MANUEL MEJÍA VALLEJO  ¡LO IMPORTANTE ES LA CANCIÓN!

 

 

La novela Tarde de verano fue finalista en el concurso «Plaza y Janés» de 1979 y apareció en librerías, publicada por la misma editorial, en mayo de 1981. Coincidió su lanzamiento con el de Crónica de una muerte anunciada de Gabriel García Márquez y como ha ocurrido con otras tantas obras, la novela de Mejía Vallejo pasó prácticamente desapercibida para un público obnubilado por el aparataje publicitario que acompaña la aparición de los libros del premio Nóbel. Sólo unos pocos críticos comprendieron en su momento la importancia que la novela representaba dentro de las letras colombianas.

Quince años después de su primera edición, y como parte de la Biblioteca Familiar de la Presidencia de la República, Tarde de verano regresa en medio de la discreción y austeridad que caracterizan las publicaciones del autor.

Tres tipos de personajes conforman la novela: Eusebio y Paula Morales, últimos y decadentes herederos de la dinastía Herreros sobre los cuales se basa la narración; en segundo término aparecen los habitantes de Balandú atados a su monótona rutina, y como presencia permanente a través de los recuerdos de Paula y Eusebio, los Herreros, aquella mítica y trágica familia de los fundadores, que Manuel ha historiado en su último ciclo creativo.

En efecto, Tarde de verano hace parte de lo que se podría denominar la «saga de los Herreros», conformada además por La casa de las dos palmas y Aire de tango y los libros de cuentos  Las noches de la vigilia y Otras historias de Balandú. En estas obras, se fue definiendo desde una geografía y un tipo humano hasta una forma de narrar.
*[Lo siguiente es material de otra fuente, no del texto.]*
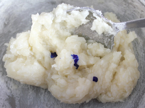 Color Tip: Experiment with different colorant usage rates to vary your blue hue. Add more colorant for a darker blue and less colorant for a lighter grey/blue. Mix the colorant and soap together well in the double boiler over medium heat.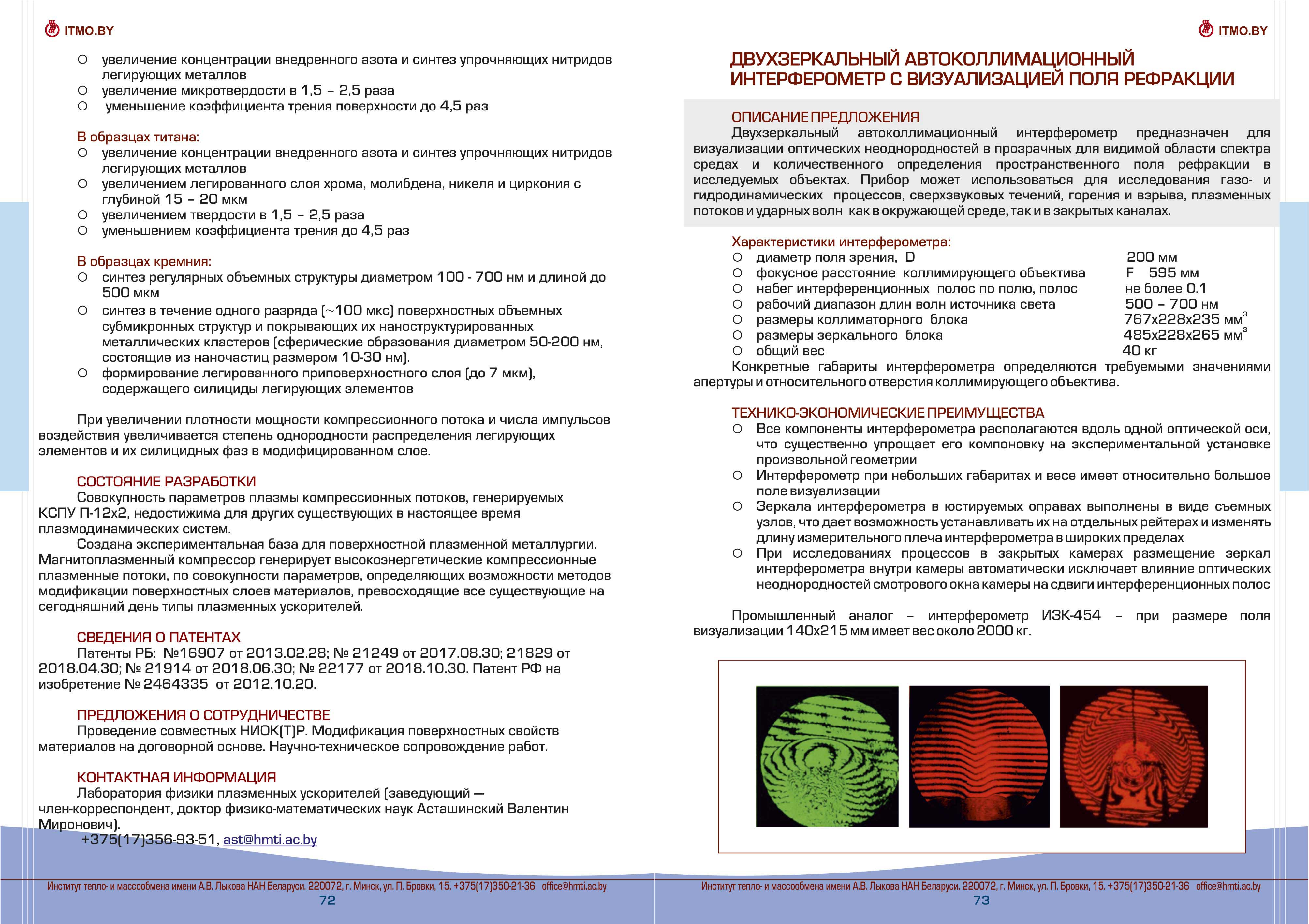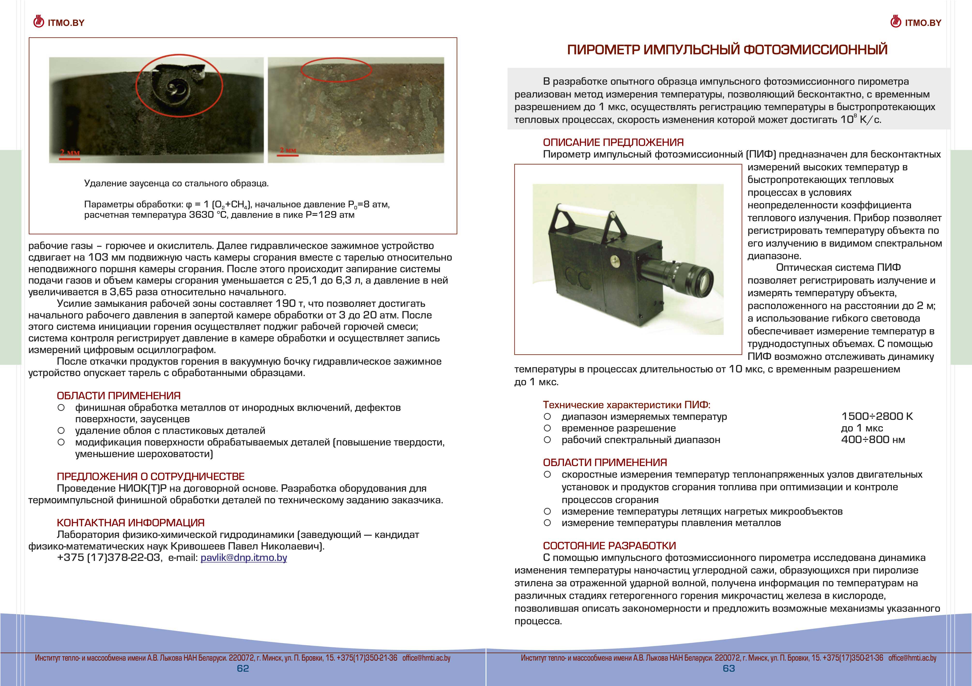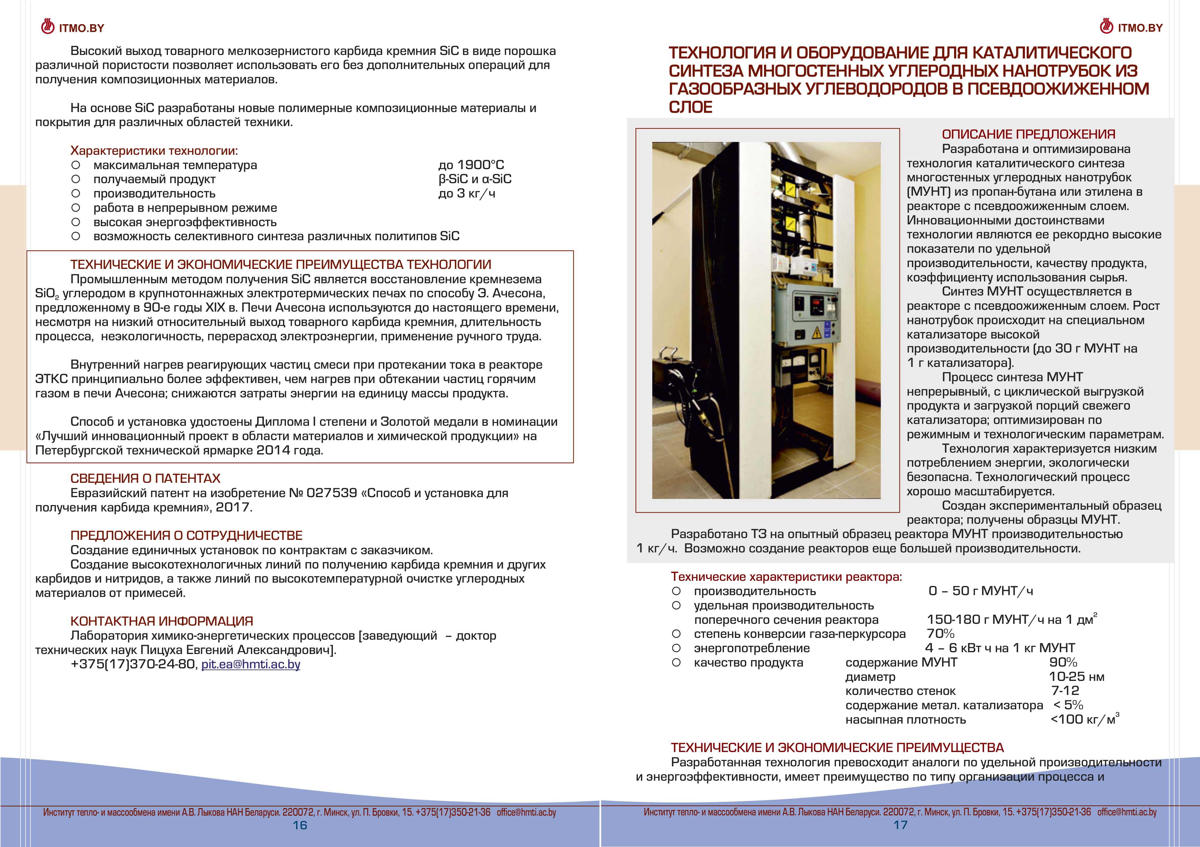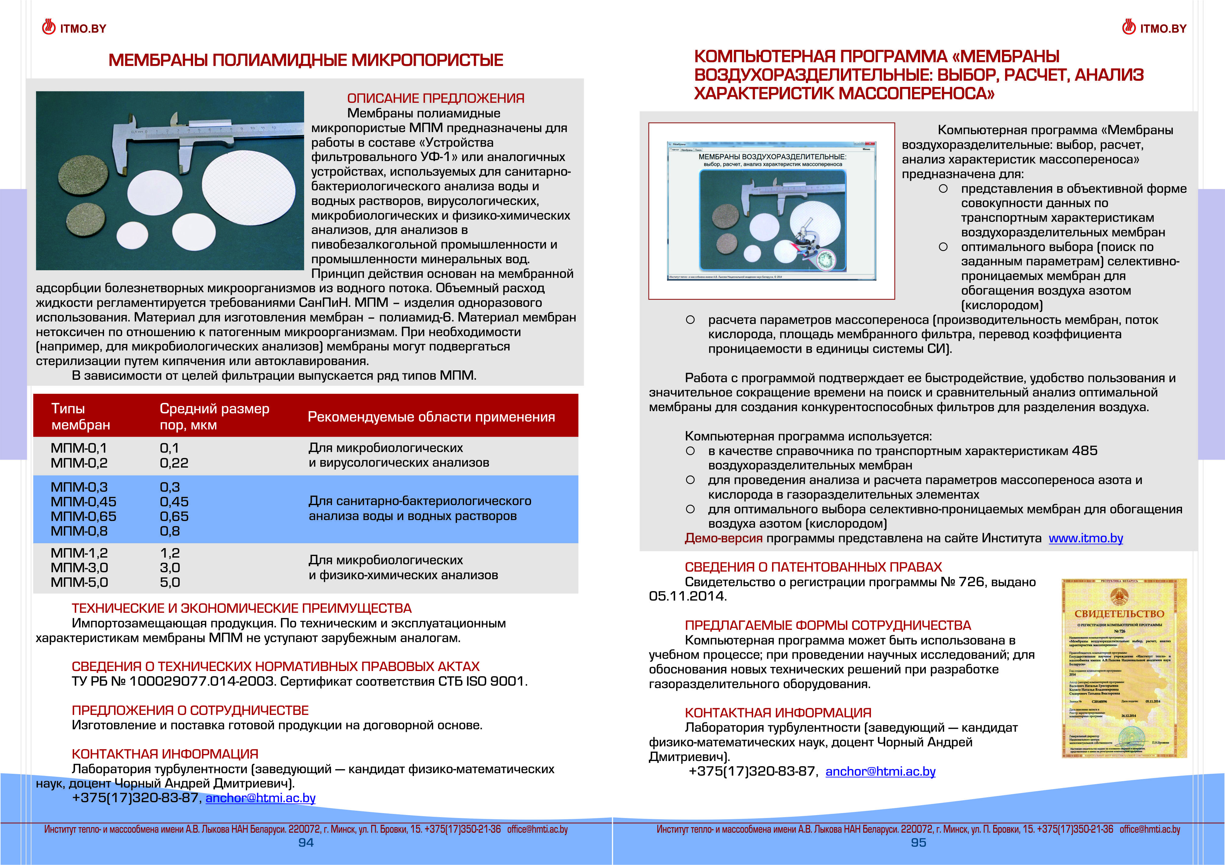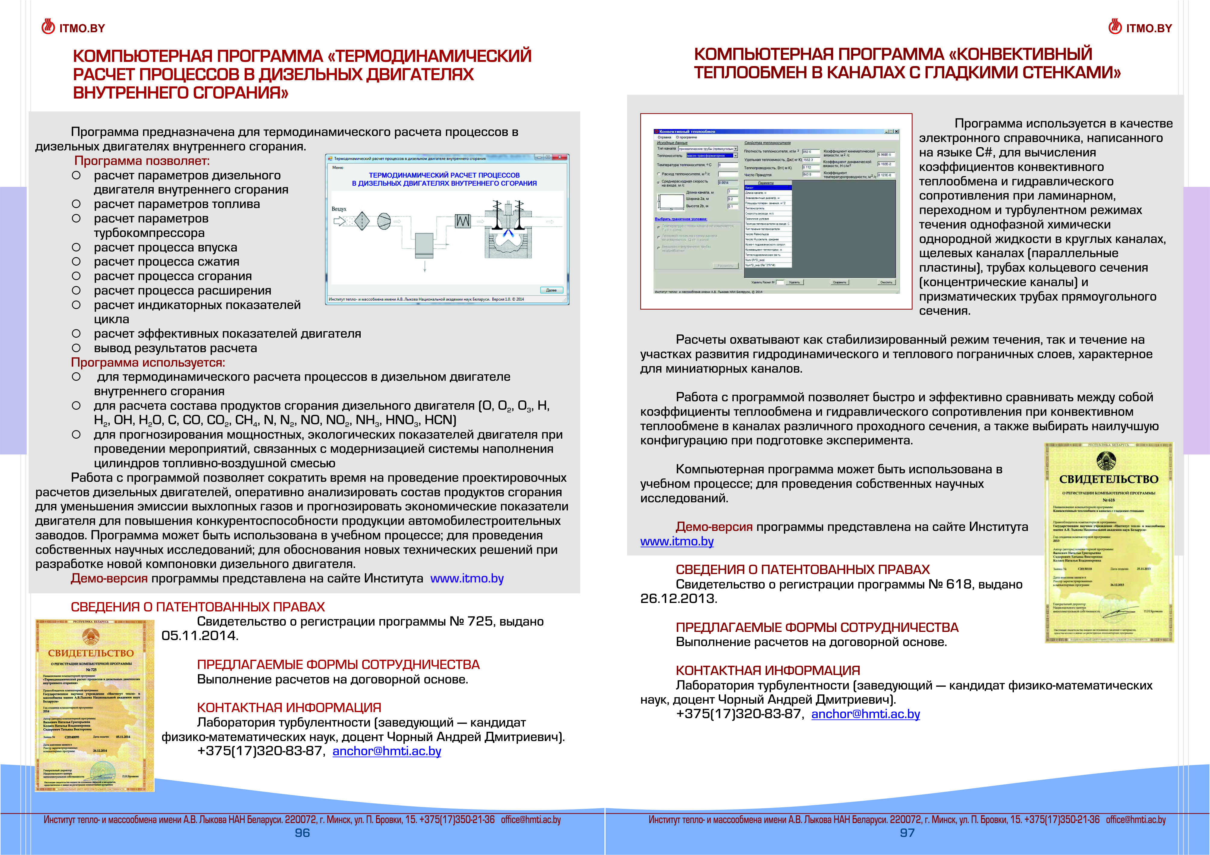 Каталог разработок, исследовний и испытаний Института тепло- и массообмена им. А.В. Лыкова Национальной академии наук Беларуси доступен для скачивания ниже:

Las obras han aparecido de manera inversa a un orden lógico de narración. Es decir, de un pasado reciente se han ido adentrando en un pasado remoto cada vez más difuso, más etéreo, en donde recuerdo y sueño se confunden en el mundo de la poesía. Es como si el autor hubiera buceado en la materia de los recuerdos en busca de su razón de ser como hombre y como pueblo.

Los personajes de La casa de las dos palmas (1988) conforman la segunda y tercera generación de Herreros; destinos atravesados, trágicos, en fuga, que repiten como una maldición la azarosa vida de los fundadores, presentes de manera permanente a través de los recuerdos. La casa de las dos palmas, como espacio anunciado, presentido casi en otras obras, adquiere su identidad plena.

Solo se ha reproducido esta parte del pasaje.